Парень словно в гипнотическом сне поднял руки и положил их на бедра, приблизившейся почти вплотную бабы.
– Ну что чувствуешь? – спросила низким урчащим голосом. И Саня задрожал. Он не понял отчего, но дрожь все разрасталась. Зубы постукивали друг о дружку, а глаза были не в силах оторваться от ее пылающего взгляда. И тут на сундуке заворочались. Баба словно очнулась, кинулась к лежанке, выдернула из-под одеяла малыша в длинной рубашке и принялась ходить с ним по комнате взад-вперед, напевая что-то тоненько и нежно.
Точно в трансе он наблюдал за монотонными движениями, но плача ребенка не слышал, и когда баба, уложив дитя, обернулась, Санек отключился.
Солнце жарило физиономию, припекало, как блин на сковородке.

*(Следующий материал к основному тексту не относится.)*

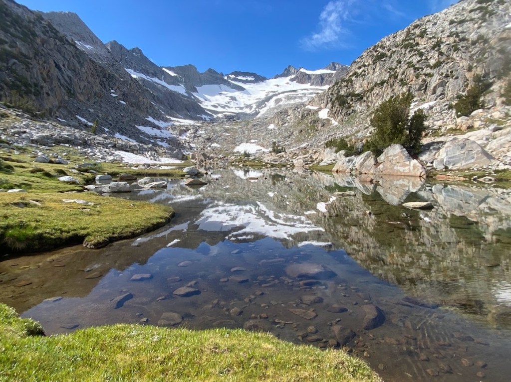 Back in the rain, I went on. I cursed the rain for its annoyance and smiled at a few bedraggled people that passed. Eventually it stopped raining and there were patches of blue sky! I hiked the last 2-3 miles and camped at Vogelsang Junction, a 26.7 mile day. After collecting water, I settled into my tent, piling damp clothes in one corner and changing into dry ones.
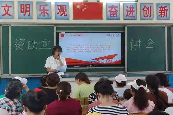 宣讲会伊始,张怡然向当地居民介绍国家助学金政策和国家助学贷款的基本流程,并向各位居民分发宣讲册,让大家更好地理解资助具体政策。随后张怡然还介绍帮助大学生减轻经济压力的途径,分别是社会资助、校内资助、勤工俭学。最后,由伟德国际victor1946化工院学生资助宣传大使霍莹莹分享自己在求学之路上受到资助的经历和故事,鼓励当地居民不要因为经济压力而放弃孩子的未来。

«Забыл опустить жалюзи», – подумал и подскочил на постели.
Вот же они – жалюзи. На подоконнике задергался мобильник, оповещая о принятом сообщении. Ровный звук работающего мотора доносился снизу. Выхлопными газами пахло аж до четвертого этажа и никакого навоза! На перекладине вешалки болтались небрежно брошенные джинсы и куртка. Саня еще раз осмотрел комнату, выглянул во двор и потер щетинистый подбородок. Вчерашний день уже казался ему болезненным кошмаром. Возможно, траванулся в супермаркете, когда пробовал колбасу, а потом еще и копченую рыбу. Он помнил, что пил какие-то таблетки… а после сутки бредил, лежа на икеевской койке.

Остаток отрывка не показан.